SLO does not refer to a formal agreement or document, but to the real or current credibility, reliability and acceptance by local communities and other stakeholders impacted by companies and their projects.
In order to maximize the likelihood of obtaining an SLO, there is a need for immediate, direct and active on-site interaction with those communities that will be affected by a company’s operations.
It is vital that a mining company knows, as soon as possible, as part of the preparation ahead of any Latin American endeavor, what risks and challenges it faces and, more importantly, what issues matter most to the community that will be impacted by operations.
This need is particularly compelling when viewed against the backdrop of the instantaneous global communications in today’s world.
Through the advent of social media, communities in even the most remote locations are connected into worldwide information systems and support networks.
To complicate matters, social media has enabled individuals and groups far removed from the physical location of a project to identify as stakeholders and become invested in, or feel as if they are a part of, a community’s issues.
Social media provides massively distributed, unfiltered access to virtually unlimited communication outlets, and almost anyone can disseminate information, create interest, criticize a company’s activities and create global alliances.
An SLO diagnosis is a tool that will provide a basis for ‘doing the right thing’ for all stakeholders impacted by a project – communities, governments and regulators, shareholders, employees – as well as providing for the needs of future generations.
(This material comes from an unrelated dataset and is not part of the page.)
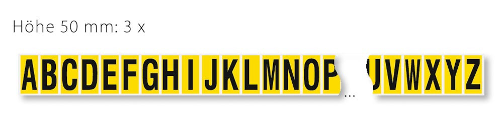 Buchstaben A-Z, selbstklebend, Schrifthöhe 50 mm, VE 208 Etiketten mit 8xA-Z, Schrift schwarz, Etikett gelb

It paves the way for a company to achieve a financial return while creating positive changes.
Although mining legal diagnoses and SLO diagnoses are effective tools in a variety of settings, they are most effective in asset acquisitions and the synchronization of operations.
There is a plethora of M&As in the precious metals space at the moment, and that creates a situation where management of ESG risk by attorneys is vital.
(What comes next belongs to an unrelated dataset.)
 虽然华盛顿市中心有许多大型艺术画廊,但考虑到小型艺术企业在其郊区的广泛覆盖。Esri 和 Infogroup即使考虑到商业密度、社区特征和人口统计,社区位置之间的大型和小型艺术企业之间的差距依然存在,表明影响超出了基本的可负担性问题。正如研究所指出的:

In terms of synchronization of operations, a smooth transition in the acquisition of an asset or where a company is adapting ESG practices across several divisions will require attorneys skilled in this space.
Both asset acquisitions and synchronization of operations will need some level of mining legal diagnoses and SLO diagnoses to ensure they are devoid of ESG risks, and these can only take place on-site.
They occur at the local, grass-roots level, during the early stages of a project.
If too many insurmountable legal issues are found, or if there is no viable path for a company to ultimately obtain an SLO or ESG, that project may be postponed or abandoned.
Knowing at an early stage that a project is not viable can save incalculable amounts of wasted investment.
BNamericas: How has COVID-19 affected the situation regarding ESG/SLO in mining?
Ventura: As EY recently said, the pandemic has created the opportunity for sustainable transformation because it has fueled an increased openness to change.
COVID-19 has brought the mining sector closer and proven what the industry can accomplish on its own with the communities, even with a lack of formal requirements or guidelines in place.
Over the last few weeks, donations by ICMM members have caught headlines, but these only scratch the surface of the support and resources being delivered at a local level.
This includes working with authorities in areas close to operations and helping them prepare and respond to critical infrastructure needs.
We have seen companies donate facilities for use as field hospitals and testing centres, provide access to clean water, sanitation, food and care packages, as well as investment in online education programmes, supply of medical transport vehicles and donation of ventilators and personal protective equipment.
Some members are reviewing their terms for local businesses, for example, reducing the time to pay invoices, or extending loan schemes to cushion the economic impact.